The Trump administration issued a new Executive Order (EO) yesterday prohibiting all transactions related to and other dealings in any digital currency, digital coin, or digital token issued by, for, or on behalf of the Government of Venezuela after January 9, 2018.
The U.S. government previously imposed targeted restrictions on dealings in new debt, new equity, bonds, dividend payments/distributions of profits, and securities involving the Government of Venezuela, including agencies or instrumentalities thereof (e.g., Petroleos de Venezuela, S.A.). The latest move to ban U.S. trade in Venezuelan government digital currencies is in response to President Nicolas Maduro’s pronouncements regarding the issuance of the petro (a digital currency backed by oil) and petro gold (a digital currency backed by precious metals) as means to avoid U.S. financial sanctions. U.S. persons who participated in a pre-sale for covered Government of Venezuela-issued digital currency are out of luck and now require U.S. government authorization to sell, trade, or use such currency.

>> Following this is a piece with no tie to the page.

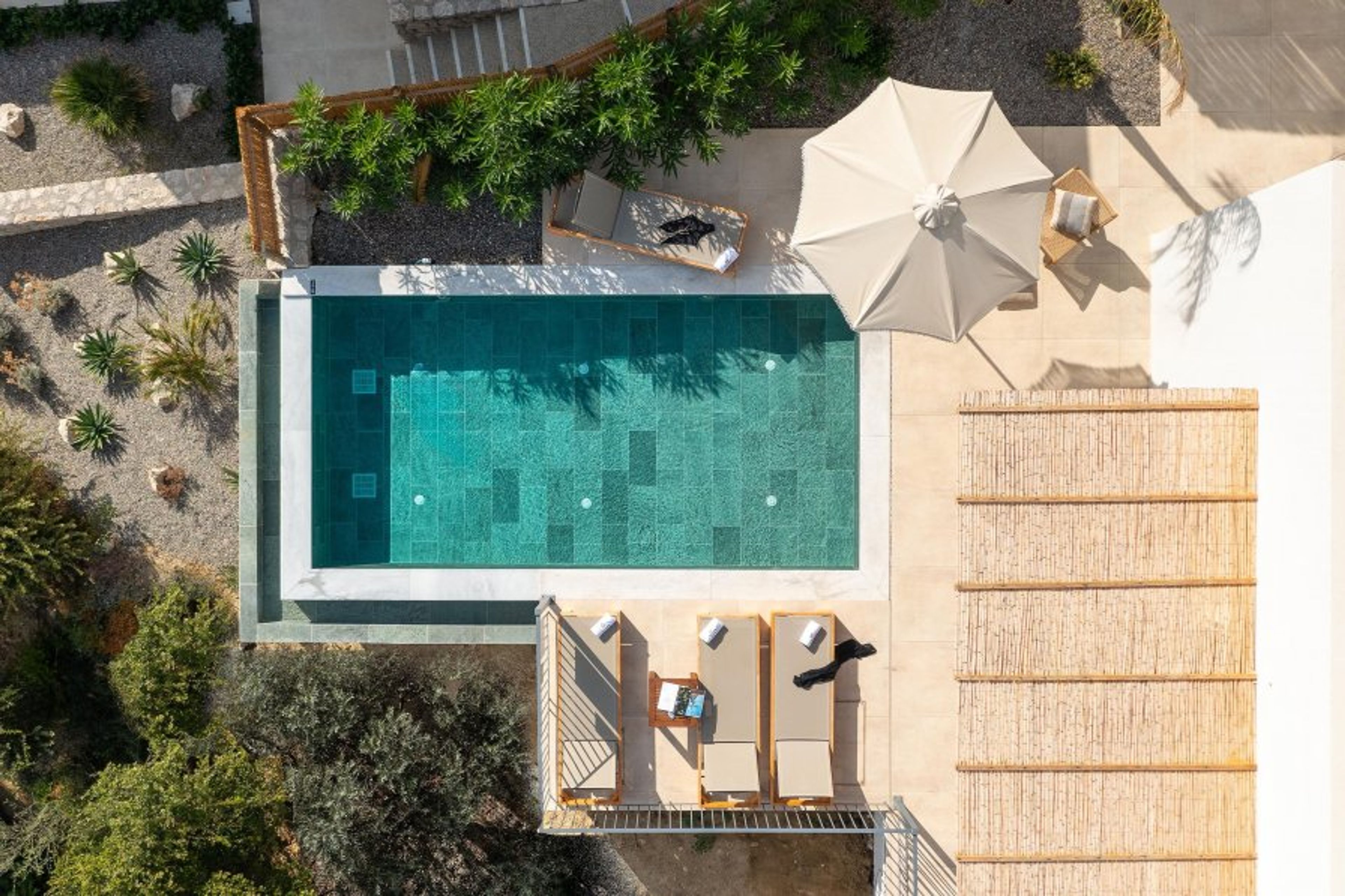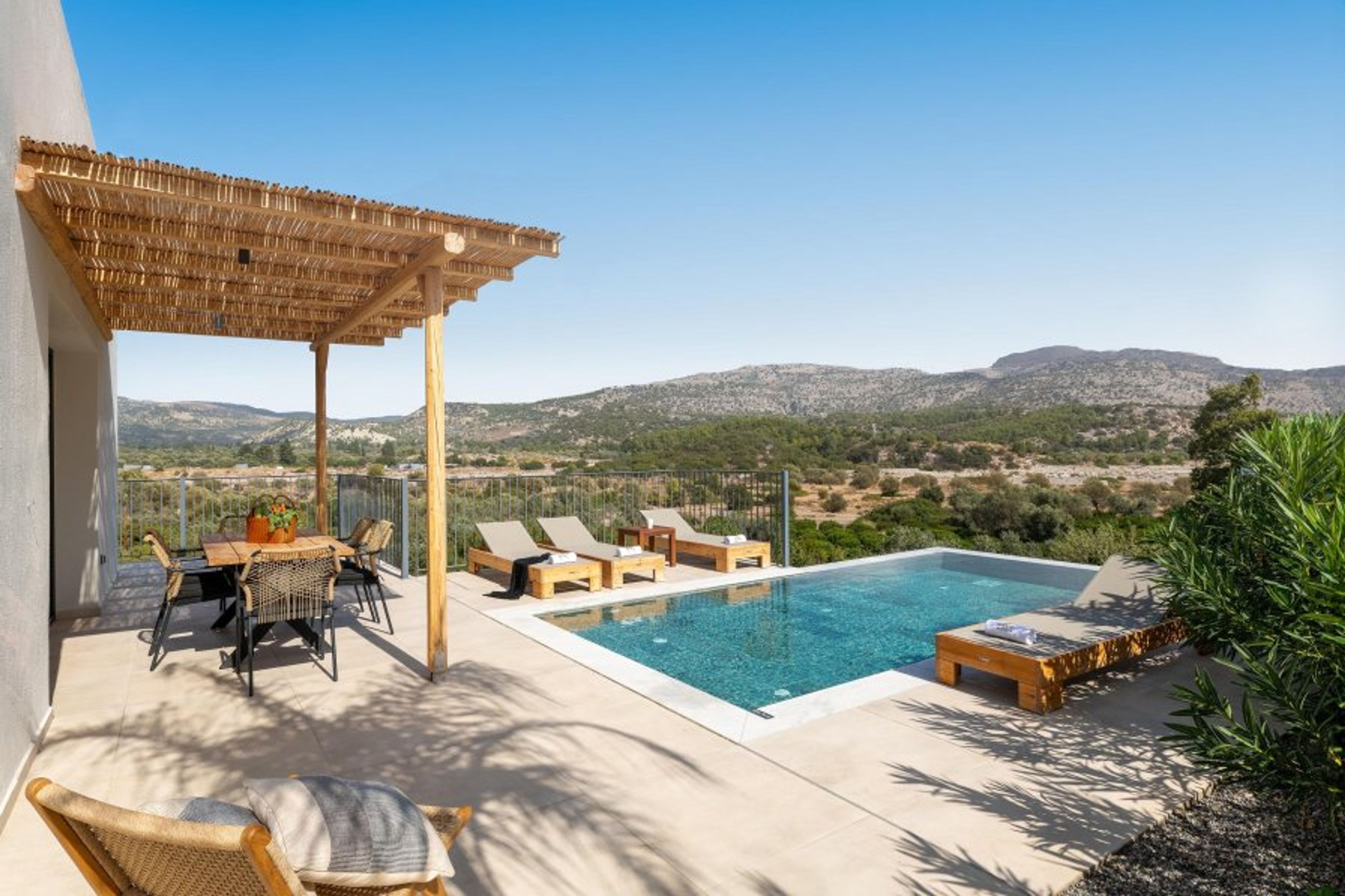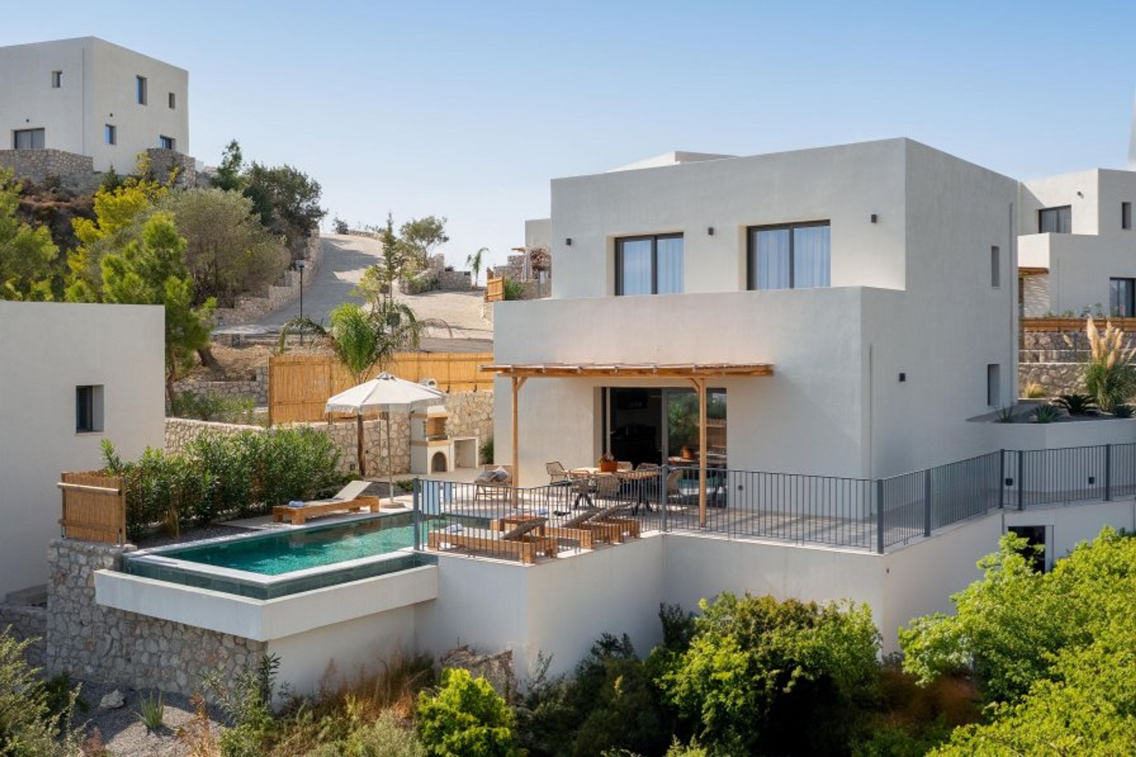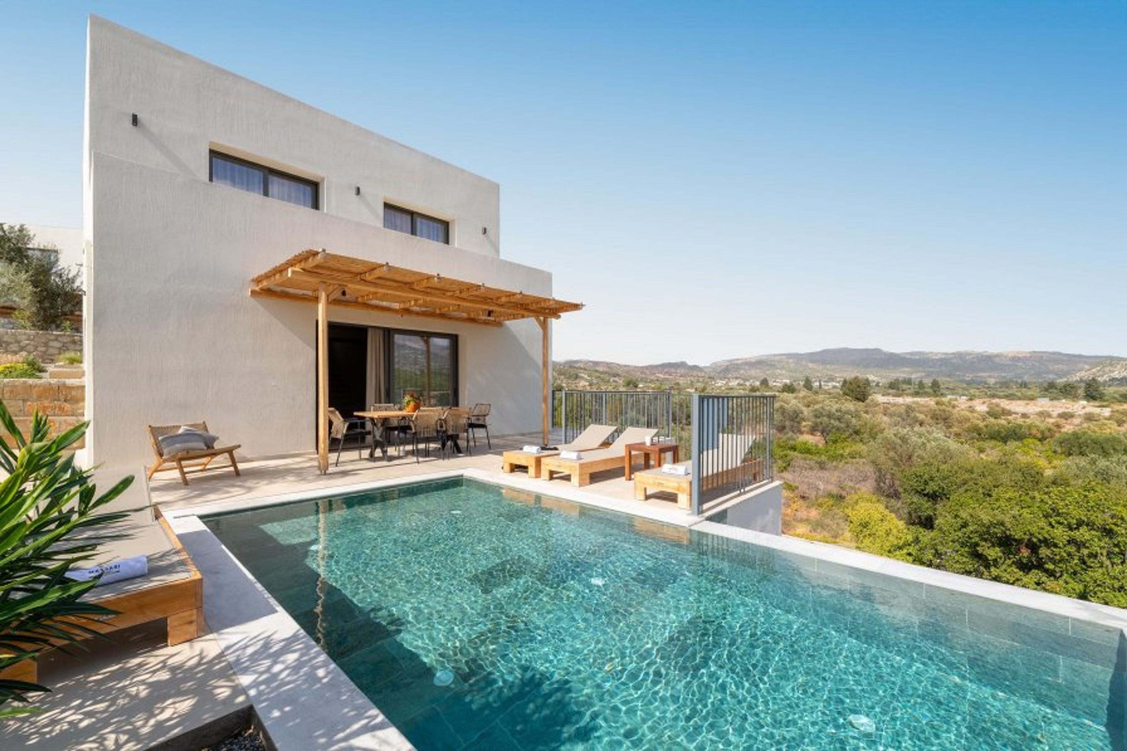 Massari Hills Luxury Living are 15 fantastic brand-new properties designed in unique minimal architecture with unique warm-colored details. They are located in Massari, only a 5-minute drive from Charaki beach. All of the modern villas provide you with all comforts, private swimming pools and patios in a unique design. There is an outdoor sharing gym and each villa offers a BBQ installation. Each property accommodates up to 8 guests.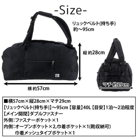 | サイズ(約) ※当店実寸値 | 公式サイズ 横57cm×縦28cm×マチ29cm 【リュックベルト(持ち手)】~95cm 【容量】40L 【目安】1泊~2泊程度 | ||

Concurrently with the EO, the U.S. Treasury Department’s Office of Foreign Assets Control (OFAC) also issued broader guidance on virtual currency. The agency reminded U.S. persons that their compliance obligations for transactions involving digital currency—which the agency defines as sovereign cryptocurrency, virtual currency (non-fiat), and a digital representation of fiat currency—are the same as those for transactions denominated in traditional fiat currency. In other words, regardless of the currency involved, U.S. persons are required to ensure that they do not engage in unauthorized transactions, such as dealings with individuals or entities on OFAC’s Specially Designated Nationals (SDN) List or entities 50% or more owned by SDNs. This requires digital currency users, technology companies, and payment processors to adopt risk-based compliance measures, including screening against U.S. government sanctions lists. To aid the digital currency community, OFAC stated that it may add digital currency addresses to its SDN List, although it warned that the address listings likely will not be exhaustive, placing the onus on U.S. companies and individuals to conduct due diligence to make sure that they are not engaging in prohibited transactions.